Un Français sur 10 a déjà utilisé une perche à selfie


Ton amie journaliste a fait un effort de concentration lorsqu'on lui a présenté les résultats d'un sondage Ipsos Photobox (je suis sympa je les cite) sur notre rapport à la photo. Ils ont été hyper malins, les viennoiseries étaient dans une autre pièce.

Sache, ami lecteur que :

> Deux Français sur trois prennent au moins une photo par jour > 64% ont déjà photographié un plat > Un Français sur deux a déjà pris un selfie, et un sur dix a déjà utilisé une perche à selfie > Un quart des Français reconnait une forme d'addiction aux photos > 8% des Français sont prêts à se mettre en danger pour prendre une photo

Les pains au chocolat eussent-ils été à portée de main, ces révélations consternantes auraient peut-être coupé l'appétit de ton amie journaliste. (Peut-être).
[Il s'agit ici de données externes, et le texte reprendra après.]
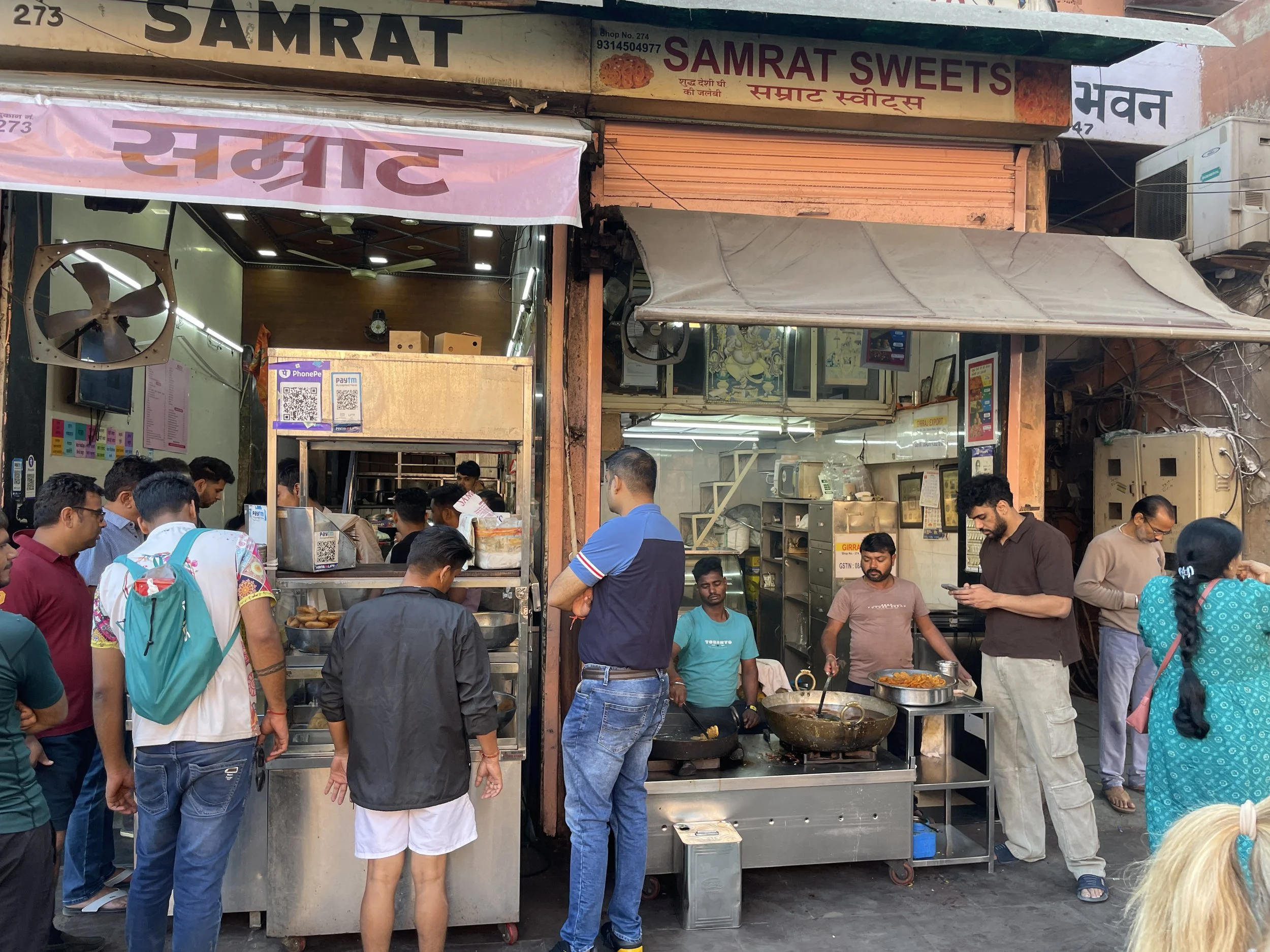 Still under darkness, we arrived at Gulab Ji Chai Wale, a famous shop for chai tea. It was barely past 6 a.m., but a large crowd had already formed. The shop proudly featured photos of the owner serving chai to Indian Prime Minister Modi, and French President Marcon. I was handed a piping hot cup of chai in clay cup, and it was incredible. I stood at the roadside, sipping slowly, gazing up at the faint stars still clinging to the early morning sky. When we were done, we tossed our cups into a bin where they shattered on impact; destined to be melted down and reshaped into new ones. A simple, ingenious cycle of sustainability.

Heureusement, il y avait dans la salle une sémiologue très intéressante, Laurence Allard, avec qui j'ai entamé une conversation qui a failli tourner à la psychanalyse. J'ai raconté que pour faire partie de ce monde, j'avais moi-même pris en photo un burger et mis mon œuvre sur Instagram. Et qu'immédiatement après, j'avais été terrassée par un immense coup de blues. Elle a dit "Tiens, mais pourquoi ?", j'ai dit "Je sais pas, je me suis sentie tellement con".

Puis elle a expliqué de manière assez convaincante pourquoi ce n'était peut-être pas si pathétique de mettre sa vie en scène en prenant des photos toute la journée. "Ce n'est pas forcément du narcissisme", affirme Laurence. D'abord parce que la photo est comme une nouvelle page blanche où se raconter -avec certes plus ou moins de talent et de créativité-.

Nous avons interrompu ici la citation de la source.